MELBOURNE: Circumventing the globe solo in a single-engine airplane is a challenge even experienced pilots would balk at. But hailing from a war-torn country and growing up as a refugee in another, Afghan-American Shaesta Waiz, 34, learned how to overcome adversities at an early age. At 30, Waiz became the youngest woman to pilot a single-engine airplane solo around the globe, with her home country among the pit stops she made during her145-day sojourn in 2017. For the last few months, memories of her trip — she won admiration from many while the Taliban sent threats — and concerns for her extended family have kept Waiz up at night.
Years ago she had earlier sent a letter to the Afghan government, asking to be put in touch with female pilots who could mentor her. “The government wrote back saying in the history of Afghanistan, there had never been a certified civilian woman pilot. I would be the first. This was the motivation I needed to really stick through it,” she said. “It hurts my soul when I think of Afghanistan,” said Waiz, who has another achievement to her credit — she is the first female certified civilian pilot of Afghan-origin. Following the withdrawal of US military forces, Taliban took control of Afghanistan in August. Waiz said some of her family has fled to the US while others are still stuck in Afghanistan. “Taliban says women can study, but the situation seems to be quite different on the ground,” said Waiz, whose parents migrated to the US as refugees in 1987 during the Soviet War. “For many, history is repeating itself,” she told TOI from California.

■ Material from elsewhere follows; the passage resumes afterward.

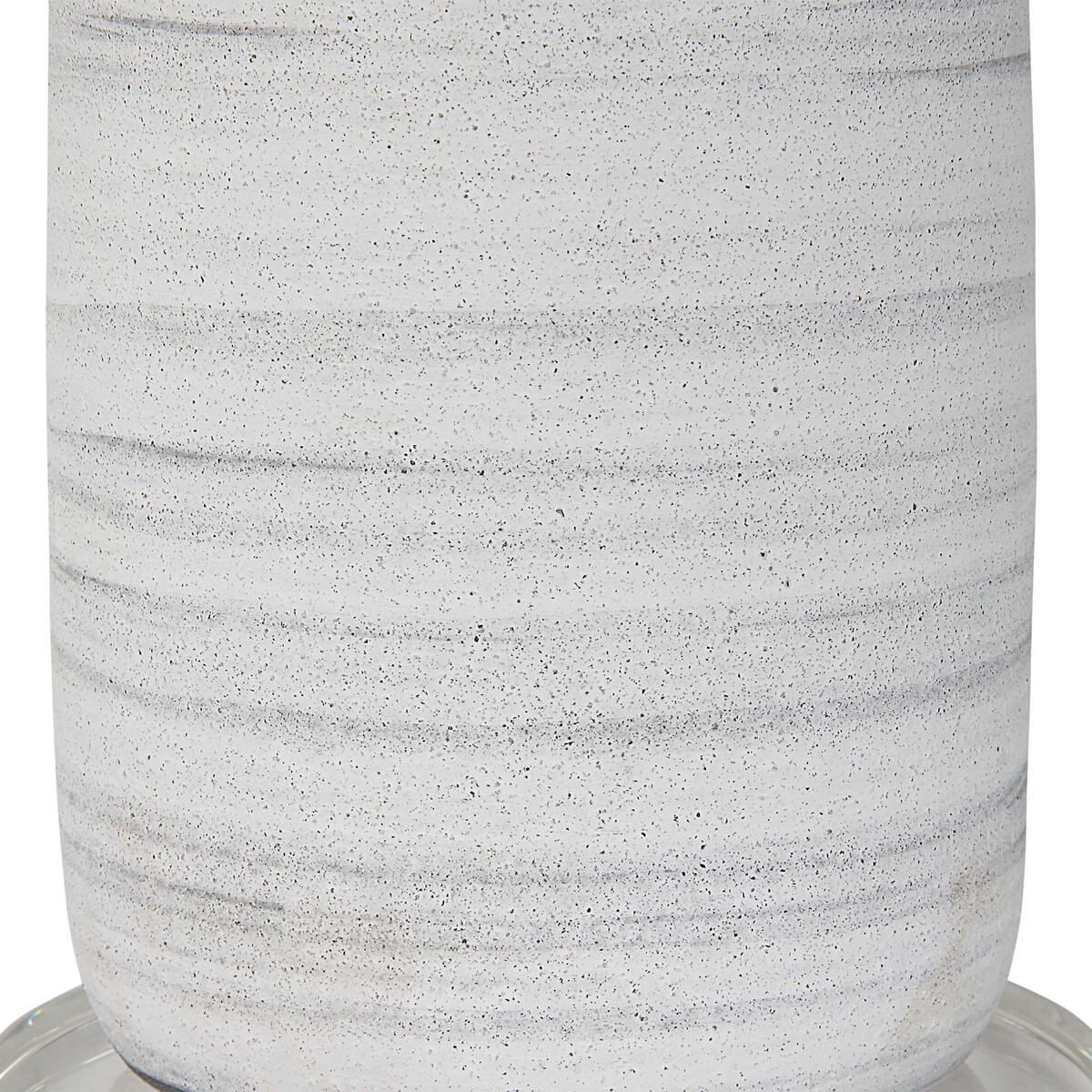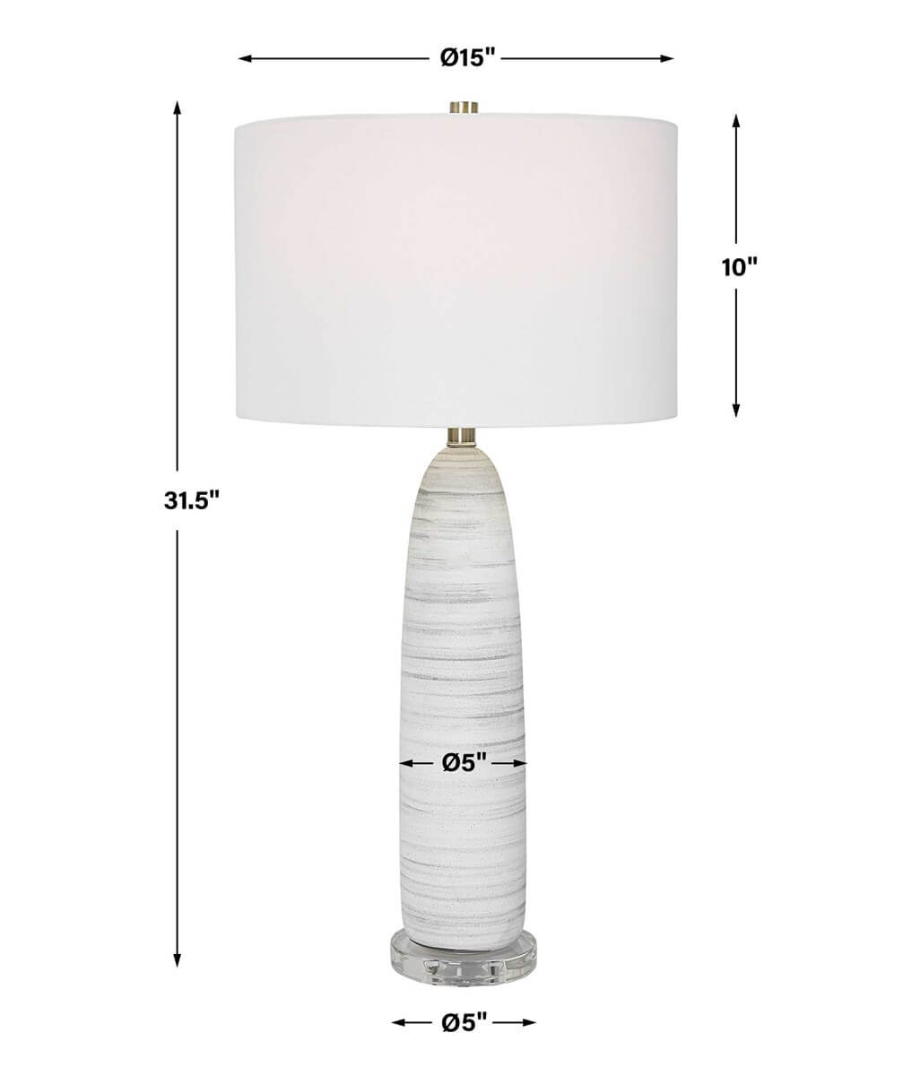 This sleek ceramic table lamp features a matte white glaze with brushed light gray detailing, paired with brushed nickel plated accents and a crystal foot. A white fabric drum shade compliments the piece.
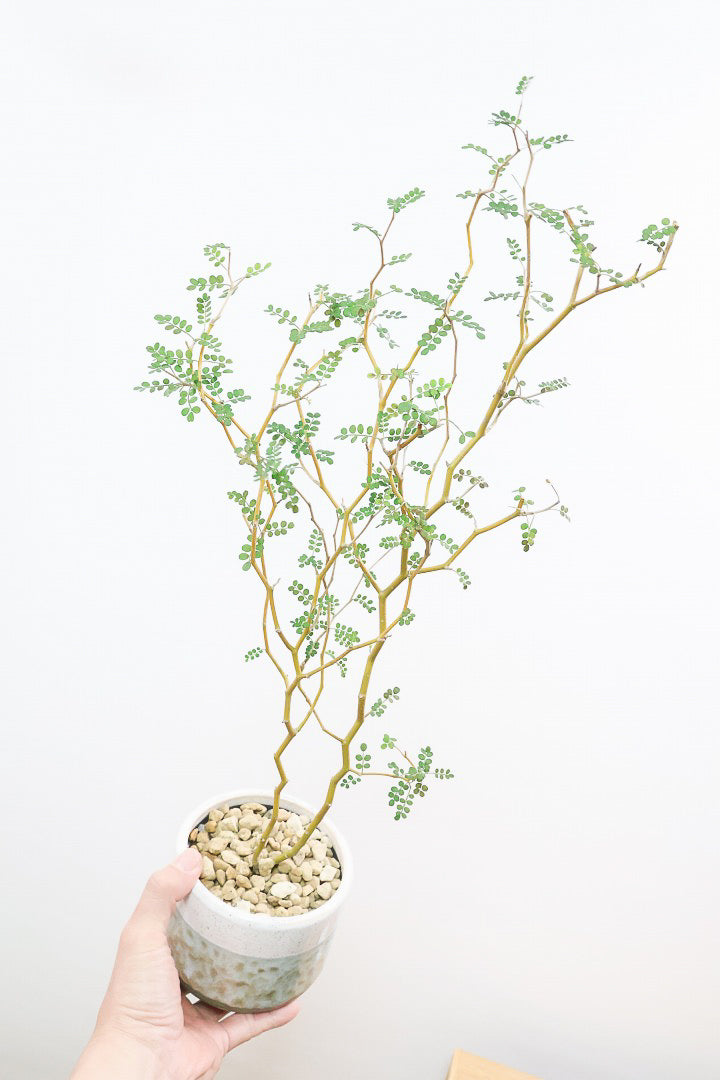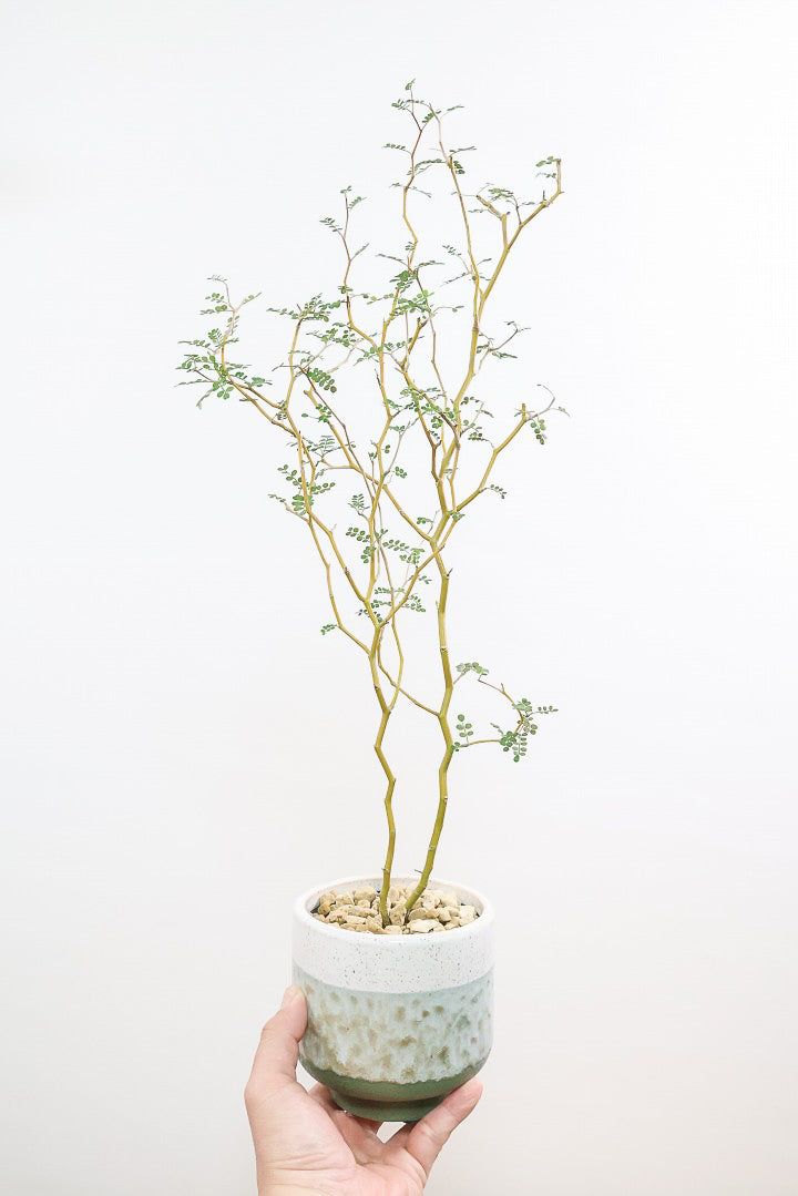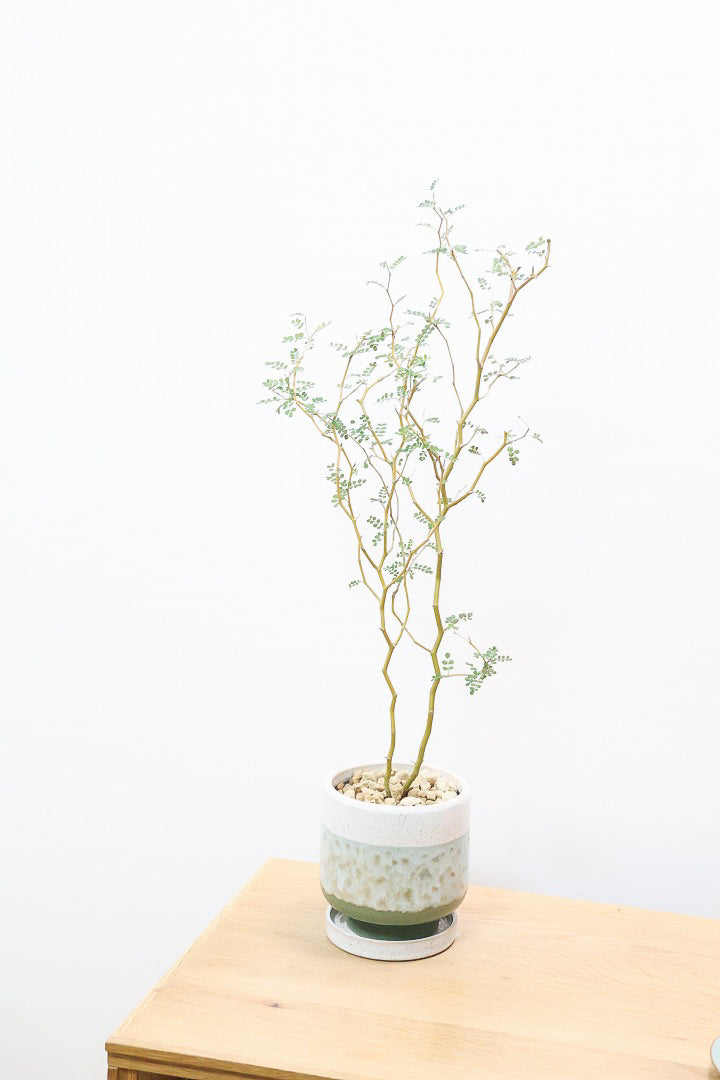 ジグザグとした針金の枝都かわいい葉っぱが特徴のソフォラ。寒さに強く、比較的育てやすい植物なので人気のある植物です。葉の質感はとても繊細で優しい質感です。長い時間をかけて生長する植物ですので、インテリアとしてぴったりの植物です。

Waiz rued that her dream of opening an aviation school in Afghanistan ruled by Taliban is unlikely to take off now. “After I came back in 2017, I tried several times to get the project off the ground, but every time, I was told it was not the right time as it was not safe for women to learn flying outside the military environment as there was no protection and they would become targets.” The pilot’s visit in 2017 was also not free from such risks. The venue for her talk had to be changed to a more secure TV recording studio following threats from the Taliban. “That day, 300 girls showed up and I thought they could teach me about bravery. Sadly, the country is not set up for these girls to really succeed.” Waiz’s aviation record is currently being challenged by 19-yearold Belgian Zara Rutherford who is flying across the planet solo on a single engine plane.